▶ **PROVIDED MATERIAL**

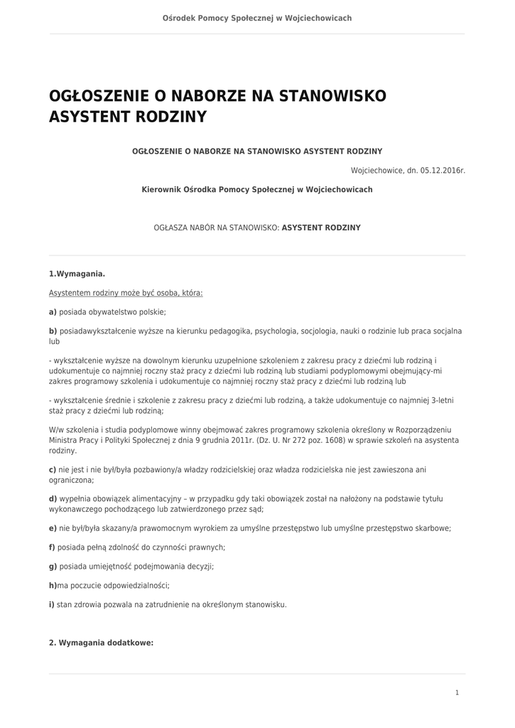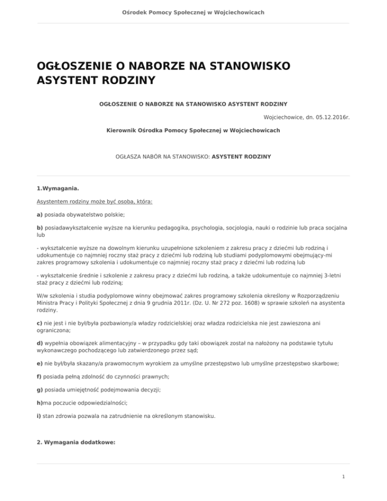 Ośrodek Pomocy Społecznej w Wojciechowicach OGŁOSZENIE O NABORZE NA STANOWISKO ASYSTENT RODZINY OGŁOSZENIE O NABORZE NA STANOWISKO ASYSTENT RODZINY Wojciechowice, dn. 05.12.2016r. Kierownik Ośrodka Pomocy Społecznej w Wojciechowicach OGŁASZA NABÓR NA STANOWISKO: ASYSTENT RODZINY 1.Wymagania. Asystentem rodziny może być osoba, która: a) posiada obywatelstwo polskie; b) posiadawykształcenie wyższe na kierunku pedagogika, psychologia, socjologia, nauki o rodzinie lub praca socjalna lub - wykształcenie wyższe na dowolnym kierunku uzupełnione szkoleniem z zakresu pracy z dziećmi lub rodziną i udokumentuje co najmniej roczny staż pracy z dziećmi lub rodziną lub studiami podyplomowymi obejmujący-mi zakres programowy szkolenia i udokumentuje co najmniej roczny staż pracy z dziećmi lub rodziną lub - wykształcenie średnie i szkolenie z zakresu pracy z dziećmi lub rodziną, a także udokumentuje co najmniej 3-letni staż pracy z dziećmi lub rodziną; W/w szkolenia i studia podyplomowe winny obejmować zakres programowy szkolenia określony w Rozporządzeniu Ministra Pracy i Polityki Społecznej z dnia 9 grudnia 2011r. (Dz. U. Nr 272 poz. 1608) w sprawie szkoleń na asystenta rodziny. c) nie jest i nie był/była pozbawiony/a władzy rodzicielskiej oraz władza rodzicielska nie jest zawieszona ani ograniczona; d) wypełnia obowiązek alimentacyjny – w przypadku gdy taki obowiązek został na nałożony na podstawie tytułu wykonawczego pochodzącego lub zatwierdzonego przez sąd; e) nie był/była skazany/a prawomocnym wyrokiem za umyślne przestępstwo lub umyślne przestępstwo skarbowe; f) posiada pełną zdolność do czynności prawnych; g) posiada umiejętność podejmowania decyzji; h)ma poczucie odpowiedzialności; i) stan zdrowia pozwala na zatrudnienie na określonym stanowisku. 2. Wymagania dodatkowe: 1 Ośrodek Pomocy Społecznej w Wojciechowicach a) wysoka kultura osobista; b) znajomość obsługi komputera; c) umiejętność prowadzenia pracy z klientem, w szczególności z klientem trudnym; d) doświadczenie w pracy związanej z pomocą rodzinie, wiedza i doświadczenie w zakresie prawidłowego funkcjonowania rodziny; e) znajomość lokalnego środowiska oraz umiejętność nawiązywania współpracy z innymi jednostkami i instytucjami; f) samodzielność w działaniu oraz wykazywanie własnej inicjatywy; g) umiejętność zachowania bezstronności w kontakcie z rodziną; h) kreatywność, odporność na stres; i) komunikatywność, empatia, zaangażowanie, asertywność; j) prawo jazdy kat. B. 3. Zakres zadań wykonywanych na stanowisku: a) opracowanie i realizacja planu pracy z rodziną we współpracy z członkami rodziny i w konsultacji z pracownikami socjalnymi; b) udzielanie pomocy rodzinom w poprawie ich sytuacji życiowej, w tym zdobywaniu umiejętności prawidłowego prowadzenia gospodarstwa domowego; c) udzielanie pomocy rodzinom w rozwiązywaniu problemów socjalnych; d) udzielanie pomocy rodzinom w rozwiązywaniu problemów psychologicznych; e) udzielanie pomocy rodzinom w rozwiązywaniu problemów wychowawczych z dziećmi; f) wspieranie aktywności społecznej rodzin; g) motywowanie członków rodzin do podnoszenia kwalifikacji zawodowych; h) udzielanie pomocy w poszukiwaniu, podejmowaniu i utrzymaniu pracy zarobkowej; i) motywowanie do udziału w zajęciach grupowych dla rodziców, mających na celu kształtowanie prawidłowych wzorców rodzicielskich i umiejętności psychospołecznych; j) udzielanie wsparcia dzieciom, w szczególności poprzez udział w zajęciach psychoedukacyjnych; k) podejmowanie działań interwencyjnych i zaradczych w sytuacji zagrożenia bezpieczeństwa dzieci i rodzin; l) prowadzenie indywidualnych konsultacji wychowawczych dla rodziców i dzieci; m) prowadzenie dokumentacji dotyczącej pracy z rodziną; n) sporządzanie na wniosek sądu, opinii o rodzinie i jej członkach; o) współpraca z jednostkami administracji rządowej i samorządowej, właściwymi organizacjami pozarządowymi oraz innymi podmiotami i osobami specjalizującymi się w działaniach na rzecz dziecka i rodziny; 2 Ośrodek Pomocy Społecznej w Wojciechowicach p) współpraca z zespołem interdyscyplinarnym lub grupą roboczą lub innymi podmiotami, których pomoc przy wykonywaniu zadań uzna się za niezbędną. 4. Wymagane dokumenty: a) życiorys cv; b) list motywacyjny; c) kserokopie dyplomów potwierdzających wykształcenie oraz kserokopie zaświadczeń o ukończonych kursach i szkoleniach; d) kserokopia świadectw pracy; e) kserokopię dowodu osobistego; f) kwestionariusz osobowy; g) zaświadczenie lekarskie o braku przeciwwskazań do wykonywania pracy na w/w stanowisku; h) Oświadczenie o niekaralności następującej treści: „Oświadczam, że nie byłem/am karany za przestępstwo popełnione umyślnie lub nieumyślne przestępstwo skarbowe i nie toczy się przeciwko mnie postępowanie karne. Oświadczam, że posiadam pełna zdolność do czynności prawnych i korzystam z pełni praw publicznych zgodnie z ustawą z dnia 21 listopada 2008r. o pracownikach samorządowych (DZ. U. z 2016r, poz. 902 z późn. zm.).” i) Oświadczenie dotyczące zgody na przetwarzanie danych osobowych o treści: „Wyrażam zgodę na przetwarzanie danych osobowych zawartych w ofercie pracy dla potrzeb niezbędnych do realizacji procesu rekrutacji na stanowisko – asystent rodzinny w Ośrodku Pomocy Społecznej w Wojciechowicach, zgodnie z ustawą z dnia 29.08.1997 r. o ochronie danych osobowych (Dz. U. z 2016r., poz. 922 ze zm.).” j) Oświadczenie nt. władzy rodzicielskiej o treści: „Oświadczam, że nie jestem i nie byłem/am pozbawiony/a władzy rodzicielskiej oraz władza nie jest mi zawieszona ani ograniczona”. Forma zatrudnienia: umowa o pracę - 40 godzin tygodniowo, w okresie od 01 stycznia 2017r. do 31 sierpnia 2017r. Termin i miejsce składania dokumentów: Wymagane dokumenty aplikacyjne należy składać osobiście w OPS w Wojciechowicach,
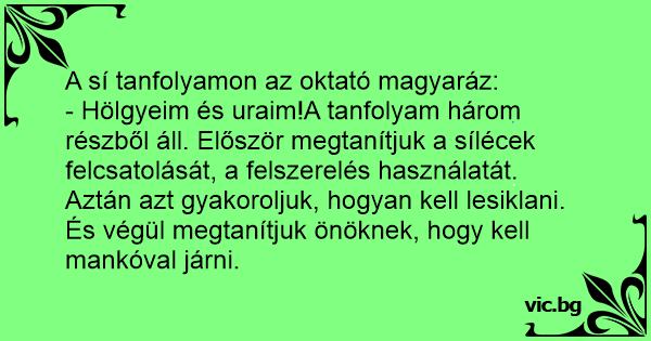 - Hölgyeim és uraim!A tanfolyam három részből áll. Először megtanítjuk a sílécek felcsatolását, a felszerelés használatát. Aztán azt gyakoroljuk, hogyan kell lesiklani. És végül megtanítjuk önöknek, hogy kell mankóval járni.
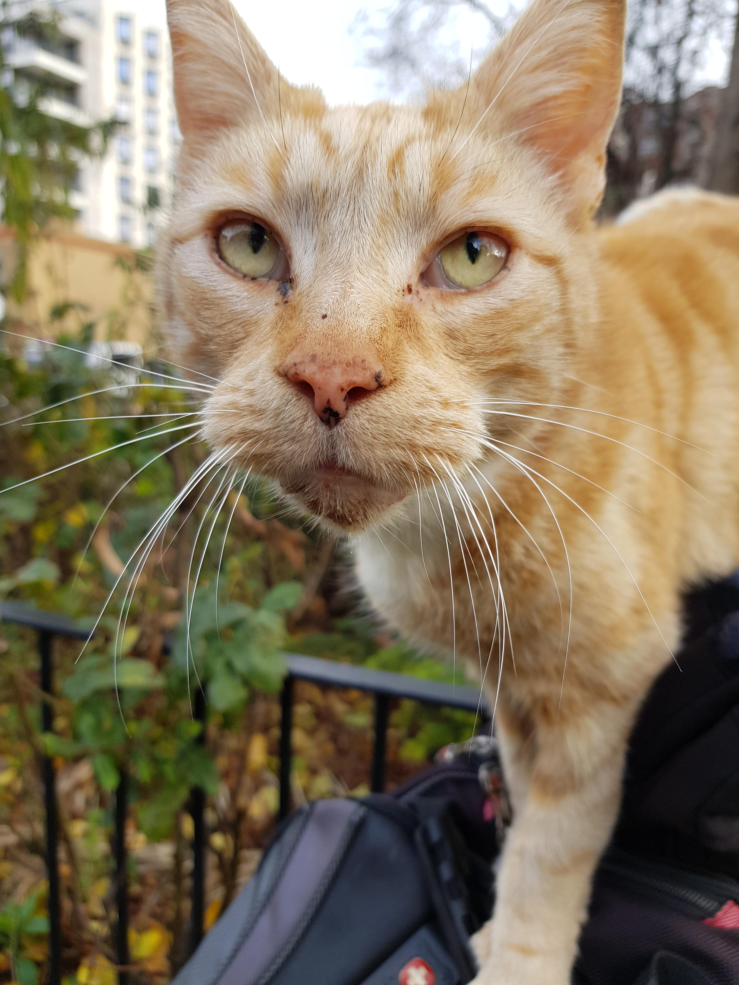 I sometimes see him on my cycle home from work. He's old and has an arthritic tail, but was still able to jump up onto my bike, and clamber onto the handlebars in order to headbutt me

▶ **PROMPT**
Give the data again word for word, without images.

▶ **SOLUTION TO THIS PROBLEM**
 Ośrodek Pomocy Społecznej w Wojciechowicach OGŁOSZENIE O NABORZE NA STANOWISKO ASYSTENT RODZINY OGŁOSZENIE O NABORZE NA STANOWISKO ASYSTENT RODZINY Wojciechowice, dn. 05.12.2016r. Kierownik Ośrodka Pomocy Społecznej w Wojciechowicach OGŁASZA NABÓR NA STANOWISKO: ASYSTENT RODZINY 1.Wymagania. Asystentem rodziny może być osoba, która: a) posiada obywatelstwo polskie; b) posiadawykształcenie wyższe na kierunku pedagogika, psychologia, socjologia, nauki o rodzinie lub praca socjalna lub - wykształcenie wyższe na dowolnym kierunku uzupełnione szkoleniem z zakresu pracy z dziećmi lub rodziną i udokumentuje co najmniej roczny staż pracy z dziećmi lub rodziną lub studiami podyplomowymi obejmujący-mi zakres programowy szkolenia i udokumentuje co najmniej roczny staż pracy z dziećmi lub rodziną lub - wykształcenie średnie i szkolenie z zakresu pracy z dziećmi lub rodziną, a także udokumentuje co najmniej 3-letni staż pracy z dziećmi lub rodziną; W/w szkolenia i studia podyplomowe winny obejmować zakres programowy szkolenia określony w Rozporządzeniu Ministra Pracy i Polityki Społecznej z dnia 9 grudnia 2011r. (Dz. U. Nr 272 poz. 1608) w sprawie szkoleń na asystenta rodziny. c) nie jest i nie był/była pozbawiony/a władzy rodzicielskiej oraz władza rodzicielska nie jest zawieszona ani ograniczona; d) wypełnia obowiązek alimentacyjny – w przypadku gdy taki obowiązek został na nałożony na podstawie tytułu wykonawczego pochodzącego lub zatwierdzonego przez sąd; e) nie był/była skazany/a prawomocnym wyrokiem za umyślne przestępstwo lub umyślne przestępstwo skarbowe; f) posiada pełną zdolność do czynności prawnych; g) posiada umiejętność podejmowania decyzji; h)ma poczucie odpowiedzialności; i) stan zdrowia pozwala na zatrudnienie na określonym stanowisku. 2. Wymagania dodatkowe: 1 Ośrodek Pomocy Społecznej w Wojciechowicach a) wysoka kultura osobista; b) znajomość obsługi komputera; c) umiejętność prowadzenia pracy z klientem, w szczególności z klientem trudnym; d) doświadczenie w pracy związanej z pomocą rodzinie, wiedza i doświadczenie w zakresie prawidłowego funkcjonowania rodziny; e) znajomość lokalnego środowiska oraz umiejętność nawiązywania współpracy z innymi jednostkami i instytucjami; f) samodzielność w działaniu oraz wykazywanie własnej inicjatywy; g) umiejętność zachowania bezstronności w kontakcie z rodziną; h) kreatywność, odporność na stres; i) komunikatywność, empatia, zaangażowanie, asertywność; j) prawo jazdy kat. B. 3. Zakres zadań wykonywanych na stanowisku: a) opracowanie i realizacja planu pracy z rodziną we współpracy z członkami rodziny i w konsultacji z pracownikami socjalnymi; b) udzielanie pomocy rodzinom w poprawie ich sytuacji życiowej, w tym zdobywaniu umiejętności prawidłowego prowadzenia gospodarstwa domowego; c) udzielanie pomocy rodzinom w rozwiązywaniu problemów socjalnych; d) udzielanie pomocy rodzinom w rozwiązywaniu problemów psychologicznych; e) udzielanie pomocy rodzinom w rozwiązywaniu problemów wychowawczych z dziećmi; f) wspieranie aktywności społecznej rodzin; g) motywowanie członków rodzin do podnoszenia kwalifikacji zawodowych; h) udzielanie pomocy w poszukiwaniu, podejmowaniu i utrzymaniu pracy zarobkowej; i) motywowanie do udziału w zajęciach grupowych dla rodziców, mających na celu kształtowanie prawidłowych wzorców rodzicielskich i umiejętności psychospołecznych; j) udzielanie wsparcia dzieciom, w szczególności poprzez udział w zajęciach psychoedukacyjnych; k) podejmowanie działań interwencyjnych i zaradczych w sytuacji zagrożenia bezpieczeństwa dzieci i rodzin; l) prowadzenie indywidualnych konsultacji wychowawczych dla rodziców i dzieci; m) prowadzenie dokumentacji dotyczącej pracy z rodziną; n) sporządzanie na wniosek sądu, opinii o rodzinie i jej członkach; o) współpraca z jednostkami administracji rządowej i samorządowej, właściwymi organizacjami pozarządowymi oraz innymi podmiotami i osobami specjalizującymi się w działaniach na rzecz dziecka i rodziny; 2 Ośrodek Pomocy Społecznej w Wojciechowicach p) współpraca z zespołem interdyscyplinarnym lub grupą roboczą lub innymi podmiotami, których pomoc przy wykonywaniu zadań uzna się za niezbędną. 4. Wymagane dokumenty: a) życiorys cv; b) list motywacyjny; c) kserokopie dyplomów potwierdzających wykształcenie oraz kserokopie zaświadczeń o ukończonych kursach i szkoleniach; d) kserokopia świadectw pracy; e) kserokopię dowodu osobistego; f) kwestionariusz osobowy; g) zaświadczenie lekarskie o braku przeciwwskazań do wykonywania pracy na w/w stanowisku; h) Oświadczenie o niekaralności następującej treści: „Oświadczam, że nie byłem/am karany za przestępstwo popełnione umyślnie lub nieumyślne przestępstwo skarbowe i nie toczy się przeciwko mnie postępowanie karne. Oświadczam, że posiadam pełna zdolność do czynności prawnych i korzystam z pełni praw publicznych zgodnie z ustawą z dnia 21 listopada 2008r. o pracownikach samorządowych (DZ. U. z 2016r, poz. 902 z późn. zm.).” i) Oświadczenie dotyczące zgody na przetwarzanie danych osobowych o treści: „Wyrażam zgodę na przetwarzanie danych osobowych zawartych w ofercie pracy dla potrzeb niezbędnych do realizacji procesu rekrutacji na stanowisko – asystent rodzinny w Ośrodku Pomocy Społecznej w Wojciechowicach, zgodnie z ustawą z dnia 29.08.1997 r. o ochronie danych osobowych (Dz. U. z 2016r., poz. 922 ze zm.).” j) Oświadczenie nt. władzy rodzicielskiej o treści: „Oświadczam, że nie jestem i nie byłem/am pozbawiony/a władzy rodzicielskiej oraz władza nie jest mi zawieszona ani ograniczona”. Forma zatrudnienia: umowa o pracę - 40 godzin tygodniowo, w okresie od 01 stycznia 2017r. do 31 sierpnia 2017r. Termin i miejsce składania dokumentów: Wymagane dokumenty aplikacyjne należy składać osobiście w OPS w Wojciechowicach,
 - Hölgyeim és uraim!A tanfolyam három részből áll. Először megtanítjuk a sílécek felcsatolását, a felszerelés használatát. Aztán azt gyakoroljuk, hogyan kell lesiklani. És végül megtanítjuk önöknek, hogy kell mankóval járni.
 I sometimes see him on my cycle home from work. He's old and has an arthritic tail, but was still able to jump up onto my bike, and clamber onto the handlebars in order to headbutt me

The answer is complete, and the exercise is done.